В другой раз Барнаб возвращался из Сагурамо. Была ночь. На крутом повороте горной дороги несколько разбойников, свалив его коня с помощью петли, скрутили всаднику руки и, угрожая оружием, потребовали громадный выкуп. Равкна, генацвале?… Он согласился. Обрадованные столь легкой добычей, разбойники решили не тратить понапрасну драгоценного времени, а поскорее доставить пленника в его жилье, где он должен будет дать им богатый выкуп за себя. Связанного, усадили его на его же собственного коня и под покровом темноты пустились в путь. Но не таков Барнаб Кипиани, чтобы покорно ждать, подобно барану, когда за него самого решат его участь другие. Он умудрился зубами перегрызть веревку на руках, затем вытащил из–под седла припрятанный там небольшой нож и незаметно перерезал им остальные путы. Не успели разбойники опомниться, как он уже сидел в седле с пистолетом в руке. Не мешкая ни секунды, он пристрелил одного из них. Пришпорив коня, он налетел на второго, и вместе, лошадь и всадник, рухнули в пропасть. Третий разбойник, видя все это, отшвырнул ружье, соскочил с коня и кинулся перед Кипиани на колени…

– Да здравствует свобода! – воскликнула Лавиния.

…Барнаб пощадил его. Но надо знать характер Барнаба. Успех всегда воодушевляет… Он приказал разбойнику усесться в седло и под дулом пистолета погнал его перед собой. Конечно, генацвале, он мог и без пистолета конвоировать этого испуганного человека, но с оружием в руках это выглядит красиво и многозначительно… Под утро они уже были в доме Барнаба.

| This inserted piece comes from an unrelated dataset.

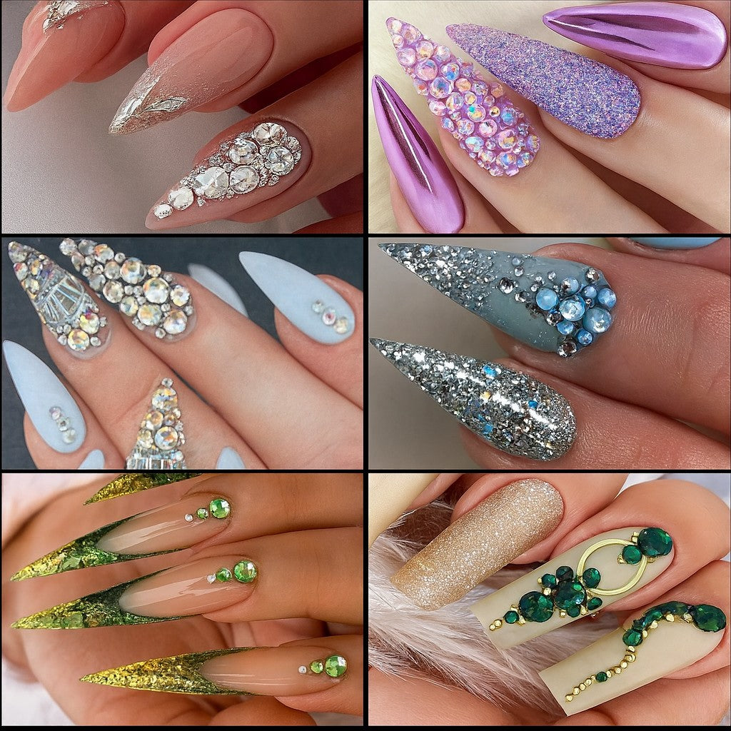 Sprankelende rhinestones: Verkrijgbaar in diverse maten en schitterende kleuren, perfect om subtiele accenten of opvallende, glamoureuze nailart te creëren.

Хозяин велел накрыть стол, усадил разбойника, созвал соседей, и начался долгий пир… Через сутки он разрешил разбойнику отправиться восвояси. «Ну, ты доволен выкупом?» – спросил Барнаб у него на прощание, и тот, растроганный великодушием хозяина, поцеловал его в плечо и дал клятву верности… Барнаба Кипиани знает теперь вся Грузия. Если бы вы видели, как с ним раскланиваются вce на Головинском! Все, даже чиновники наместника!…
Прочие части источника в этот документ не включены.